TASK DETAILS: Here the job is to retype the data word for word while leaving the pictures aside.

GIVEN MATERIAL:
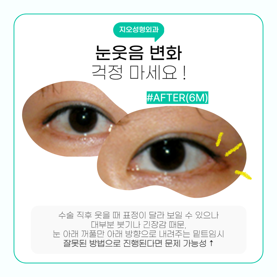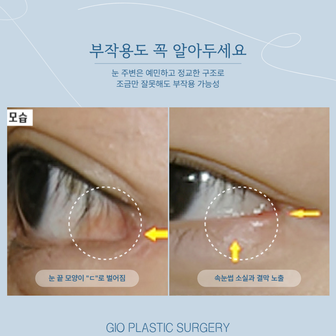눈꼬리 모양이 부자연스럽게 변하거나 벌어짐, ㄷ자 형태로 자리 잡는 등의
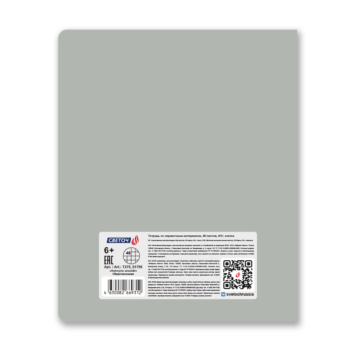 Тетрадь со справочным материалом Капсула знаний, A5 48 л. на скобе 60 г/м², белизна 90% 10 шт клетка, 01796 Капсула знаний Обществознание, Светоч Т276
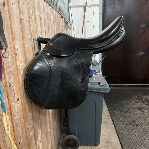 Vähän käytettynä ostettu ruskea Prestige Versailles W estesatula. Käytetty kakkossatulana puolisen vuotta, sen jälkeen kotona satulapukin päällä, hevonen lopetettu ja satula jäi ylimääräiseksi.
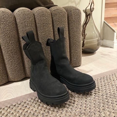 Regnstøvletter i størrelse 38 med svart farge. Lite brukt. Støvlene har en solid såle med godt grep, egnet for vinterbruk.

PROBLEM SOLUTION:
눈꼬리 모양이 부자연스럽게 변하거나 벌어짐, ㄷ자 형태로 자리 잡는 등의
 Тетрадь со справочным материалом Капсула знаний, A5 48 л. на скобе 60 г/м², белизна 90% 10 шт клетка, 01796 Капсула знаний Обществознание, Светоч Т276
 Vähän käytettynä ostettu ruskea Prestige Versailles W estesatula. Käytetty kakkossatulana puolisen vuotta, sen jälkeen kotona satulapukin päällä, hevonen lopetettu ja satula jäi ylimääräiseksi.
 Regnstøvletter i størrelse 38 med svart farge. Lite brukt. Støvlene har en solid såle med godt grep, egnet for vinterbruk.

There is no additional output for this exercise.